**Problem:** Ignoring the pictures, repeat every entry below exactly as it appears.

[Opening Source data section]

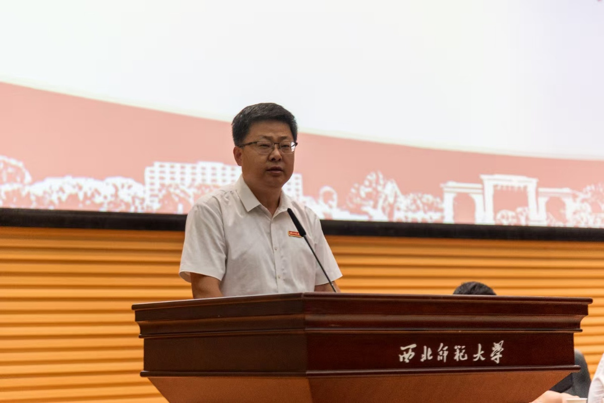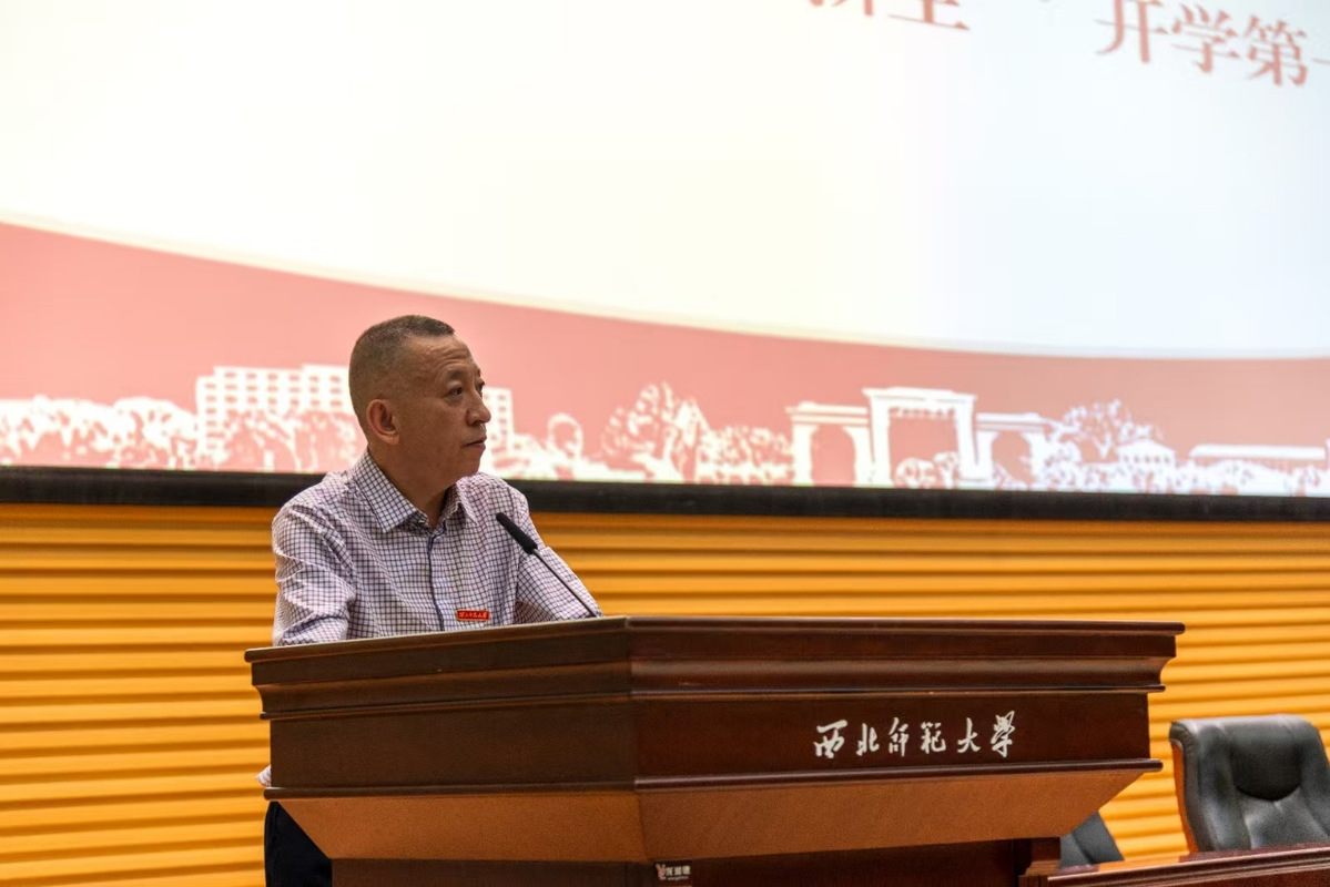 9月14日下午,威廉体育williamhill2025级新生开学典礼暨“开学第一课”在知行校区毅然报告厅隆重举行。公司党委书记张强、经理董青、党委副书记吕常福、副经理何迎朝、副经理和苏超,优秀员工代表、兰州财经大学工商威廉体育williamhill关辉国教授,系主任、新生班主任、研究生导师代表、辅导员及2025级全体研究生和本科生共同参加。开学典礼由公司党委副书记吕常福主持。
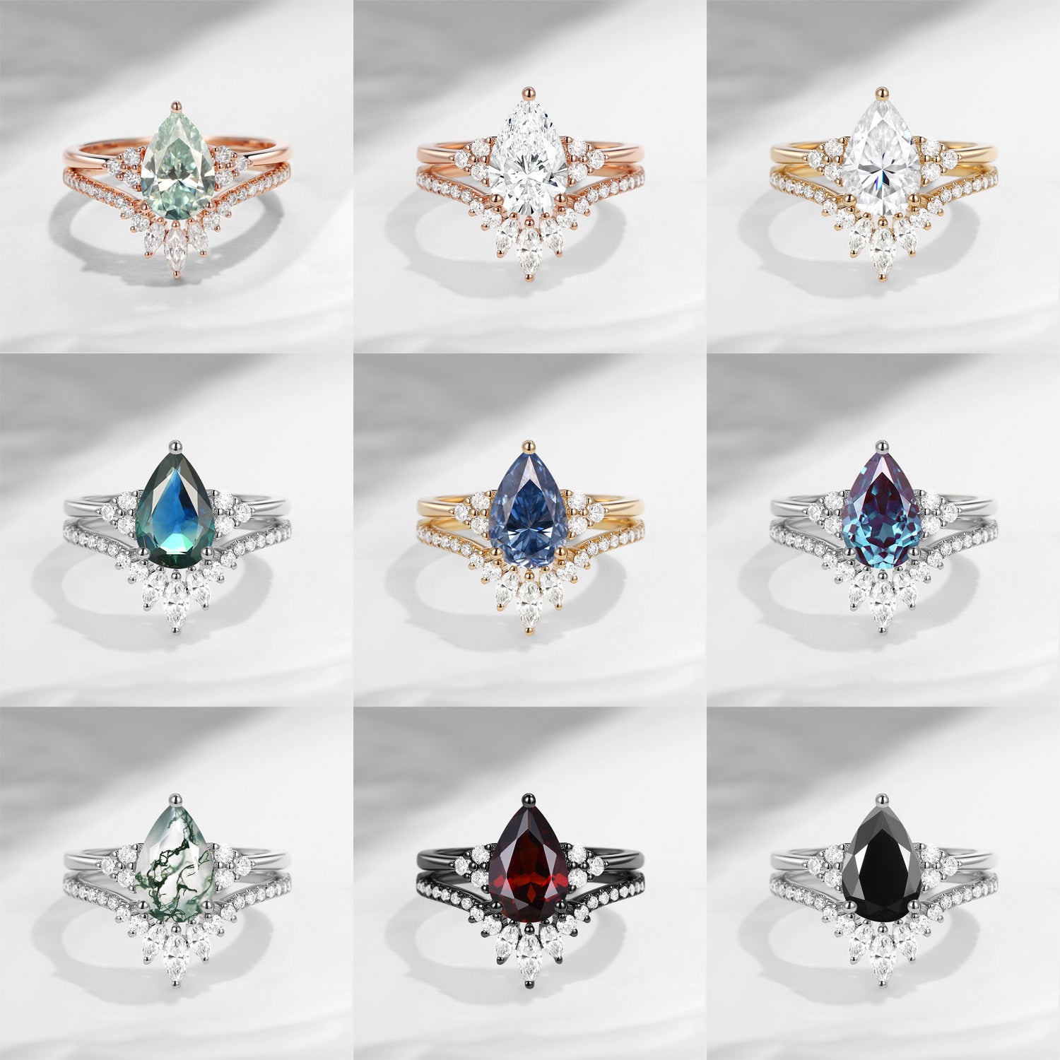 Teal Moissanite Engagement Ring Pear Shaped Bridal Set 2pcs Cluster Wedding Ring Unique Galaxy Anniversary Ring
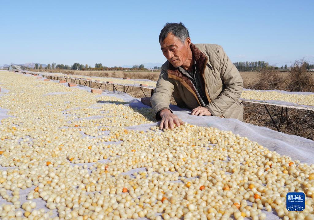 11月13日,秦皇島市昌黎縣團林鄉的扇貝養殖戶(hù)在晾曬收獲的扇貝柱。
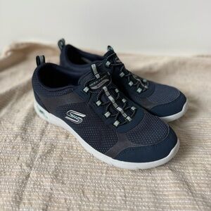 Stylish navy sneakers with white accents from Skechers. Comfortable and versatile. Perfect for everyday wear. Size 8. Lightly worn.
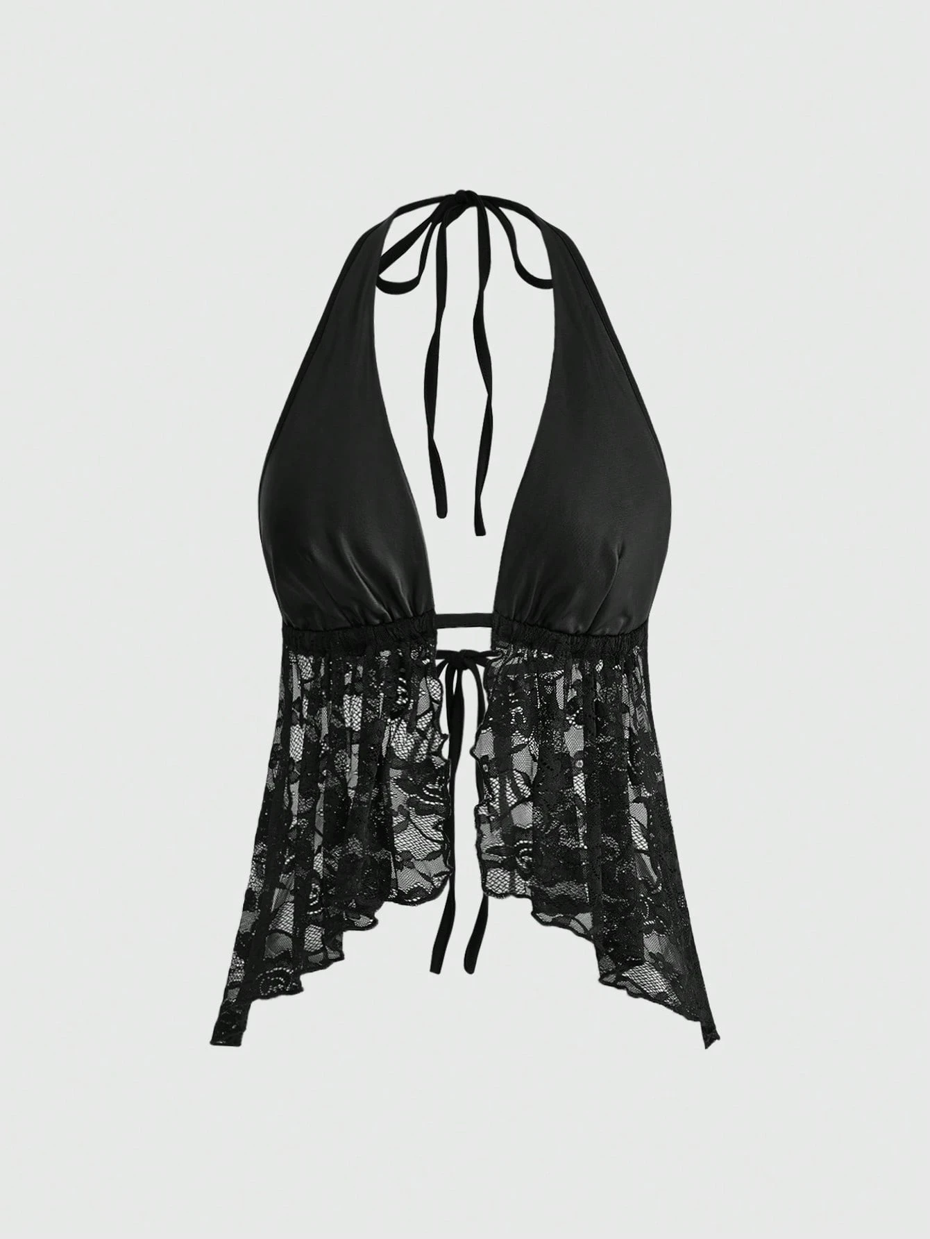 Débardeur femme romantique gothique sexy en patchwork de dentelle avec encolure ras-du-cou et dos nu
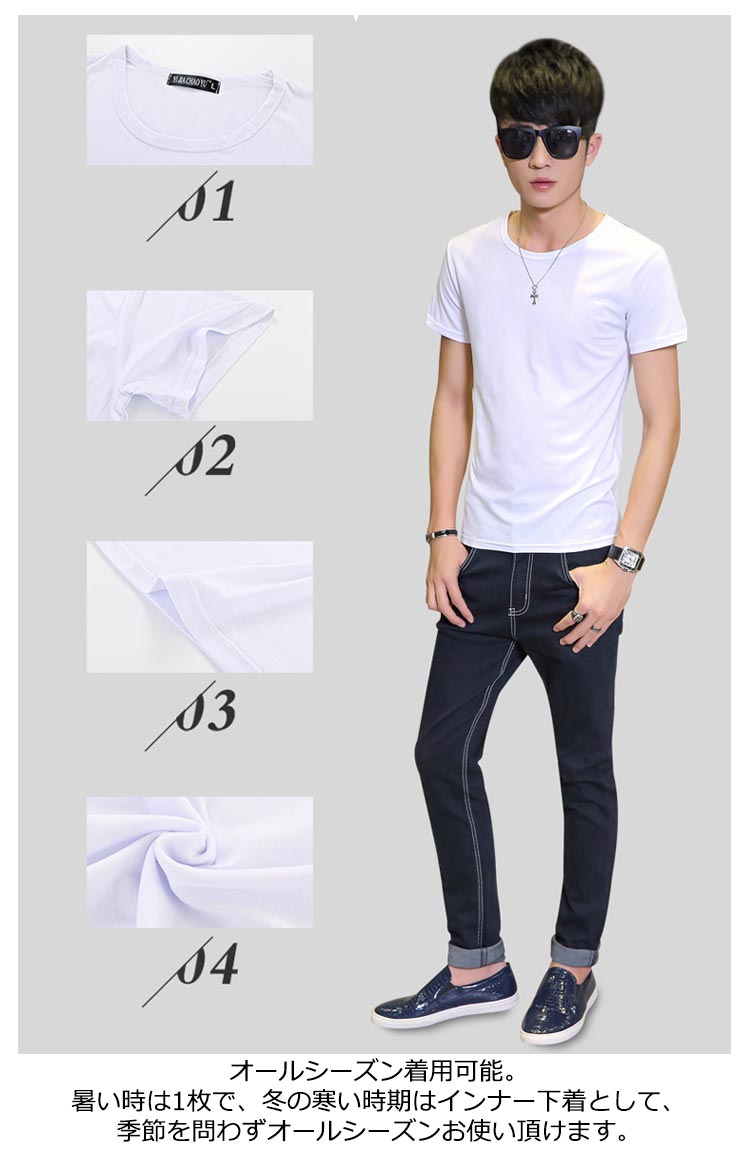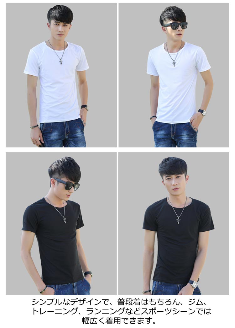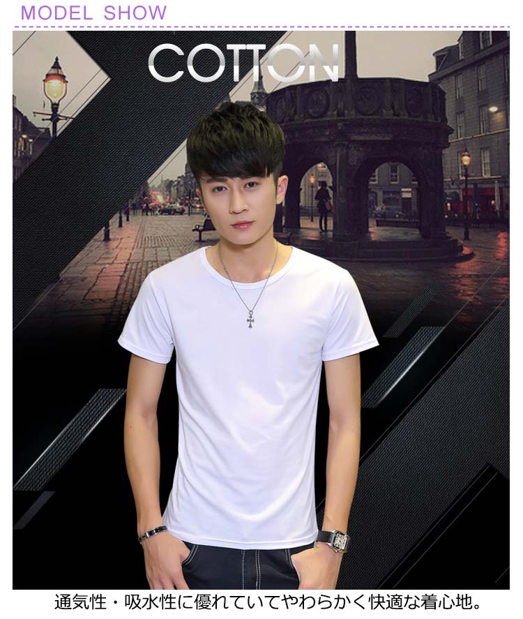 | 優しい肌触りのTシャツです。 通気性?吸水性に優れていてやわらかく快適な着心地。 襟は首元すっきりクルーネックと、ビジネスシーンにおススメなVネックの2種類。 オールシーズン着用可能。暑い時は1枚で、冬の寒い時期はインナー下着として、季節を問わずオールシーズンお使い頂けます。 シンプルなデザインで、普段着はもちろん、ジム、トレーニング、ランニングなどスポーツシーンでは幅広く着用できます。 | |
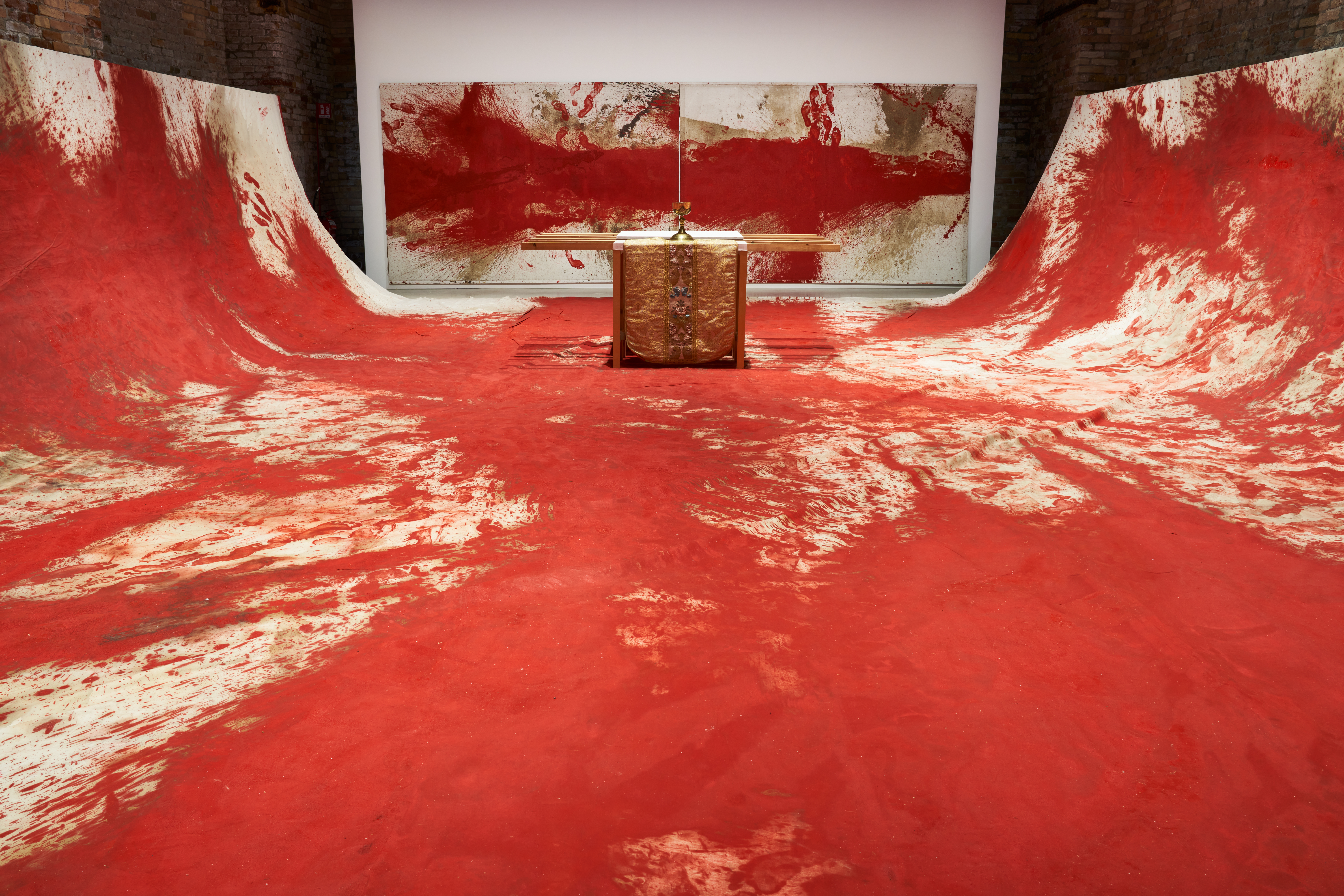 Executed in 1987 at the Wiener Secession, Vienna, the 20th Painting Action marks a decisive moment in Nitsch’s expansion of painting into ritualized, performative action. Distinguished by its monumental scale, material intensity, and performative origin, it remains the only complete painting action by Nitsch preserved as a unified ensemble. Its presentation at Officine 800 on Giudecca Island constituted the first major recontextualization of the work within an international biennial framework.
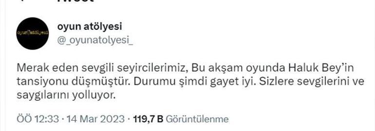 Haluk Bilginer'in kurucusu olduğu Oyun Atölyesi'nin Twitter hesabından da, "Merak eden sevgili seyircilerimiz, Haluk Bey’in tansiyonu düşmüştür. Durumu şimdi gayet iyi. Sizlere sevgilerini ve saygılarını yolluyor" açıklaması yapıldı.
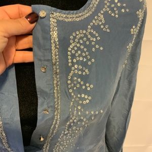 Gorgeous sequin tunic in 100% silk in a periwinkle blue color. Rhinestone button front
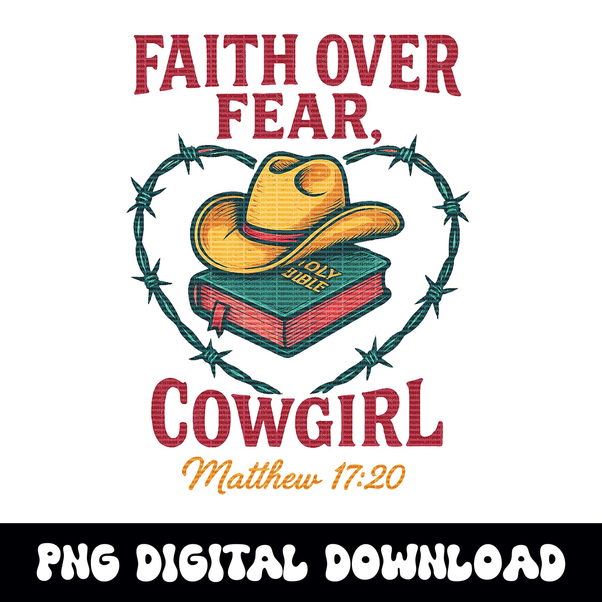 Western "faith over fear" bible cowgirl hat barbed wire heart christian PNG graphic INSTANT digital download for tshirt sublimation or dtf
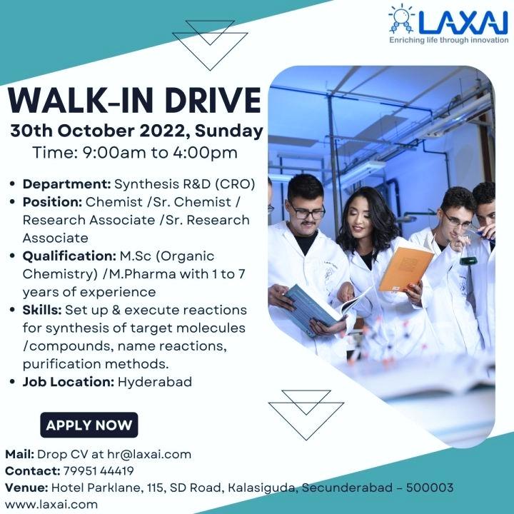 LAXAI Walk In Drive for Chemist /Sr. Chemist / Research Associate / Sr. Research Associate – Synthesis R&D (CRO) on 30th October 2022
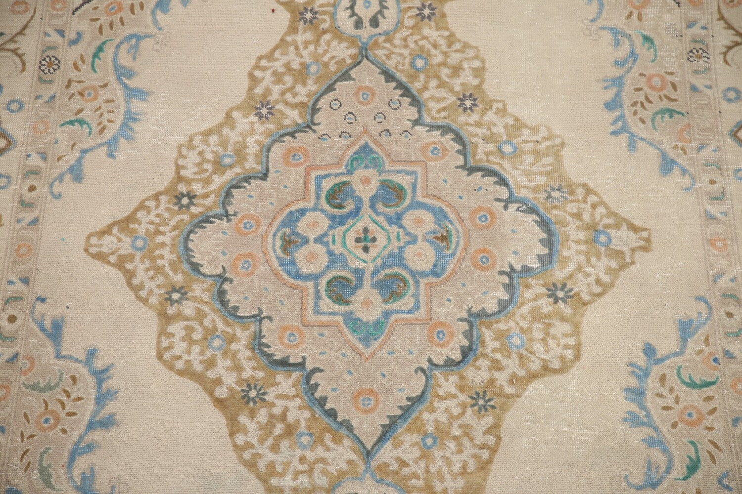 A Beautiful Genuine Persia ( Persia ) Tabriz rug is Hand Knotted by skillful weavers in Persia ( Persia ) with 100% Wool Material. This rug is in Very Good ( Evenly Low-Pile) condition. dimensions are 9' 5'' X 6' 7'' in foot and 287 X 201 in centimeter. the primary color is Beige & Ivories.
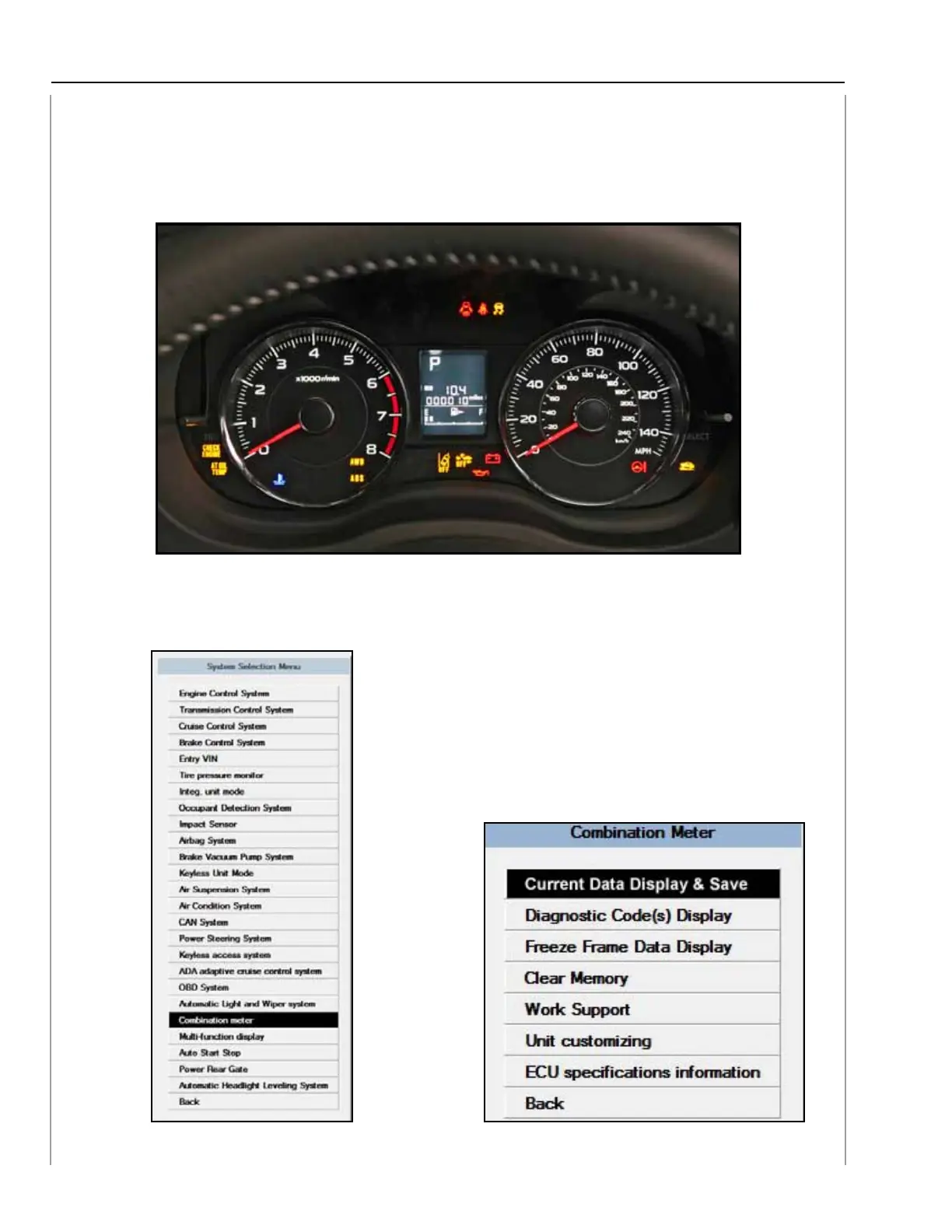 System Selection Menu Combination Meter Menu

[Closing Source data section]

**Problem solution:**
 9月14日下午,威廉体育williamhill2025级新生开学典礼暨“开学第一课”在知行校区毅然报告厅隆重举行。公司党委书记张强、经理董青、党委副书记吕常福、副经理何迎朝、副经理和苏超,优秀员工代表、兰州财经大学工商威廉体育williamhill关辉国教授,系主任、新生班主任、研究生导师代表、辅导员及2025级全体研究生和本科生共同参加。开学典礼由公司党委副书记吕常福主持。
 Teal Moissanite Engagement Ring Pear Shaped Bridal Set 2pcs Cluster Wedding Ring Unique Galaxy Anniversary Ring
 11月13日,秦皇島市昌黎縣團林鄉的扇貝養殖戶(hù)在晾曬收獲的扇貝柱。
 Stylish navy sneakers with white accents from Skechers. Comfortable and versatile. Perfect for everyday wear. Size 8. Lightly worn.
 Débardeur femme romantique gothique sexy en patchwork de dentelle avec encolure ras-du-cou et dos nu
 | 優しい肌触りのTシャツです。 通気性?吸水性に優れていてやわらかく快適な着心地。 襟は首元すっきりクルーネックと、ビジネスシーンにおススメなVネックの2種類。 オールシーズン着用可能。暑い時は1枚で、冬の寒い時期はインナー下着として、季節を問わずオールシーズンお使い頂けます。 シンプルなデザインで、普段着はもちろん、ジム、トレーニング、ランニングなどスポーツシーンでは幅広く着用できます。 | |
 Executed in 1987 at the Wiener Secession, Vienna, the 20th Painting Action marks a decisive moment in Nitsch’s expansion of painting into ritualized, performative action. Distinguished by its monumental scale, material intensity, and performative origin, it remains the only complete painting action by Nitsch preserved as a unified ensemble. Its presentation at Officine 800 on Giudecca Island constituted the first major recontextualization of the work within an international biennial framework.
 Haluk Bilginer'in kurucusu olduğu Oyun Atölyesi'nin Twitter hesabından da, "Merak eden sevgili seyircilerimiz, Haluk Bey’in tansiyonu düşmüştür. Durumu şimdi gayet iyi. Sizlere sevgilerini ve saygılarını yolluyor" açıklaması yapıldı.
 Gorgeous sequin tunic in 100% silk in a periwinkle blue color. Rhinestone button front
 Western "faith over fear" bible cowgirl hat barbed wire heart christian PNG graphic INSTANT digital download for tshirt sublimation or dtf
 LAXAI Walk In Drive for Chemist /Sr. Chemist / Research Associate / Sr. Research Associate – Synthesis R&D (CRO) on 30th October 2022
 A Beautiful Genuine Persia ( Persia ) Tabriz rug is Hand Knotted by skillful weavers in Persia ( Persia ) with 100% Wool Material. This rug is in Very Good ( Evenly Low-Pile) condition. dimensions are 9' 5'' X 6' 7'' in foot and 287 X 201 in centimeter. the primary color is Beige & Ivories.
 System Selection Menu Combination Meter Menu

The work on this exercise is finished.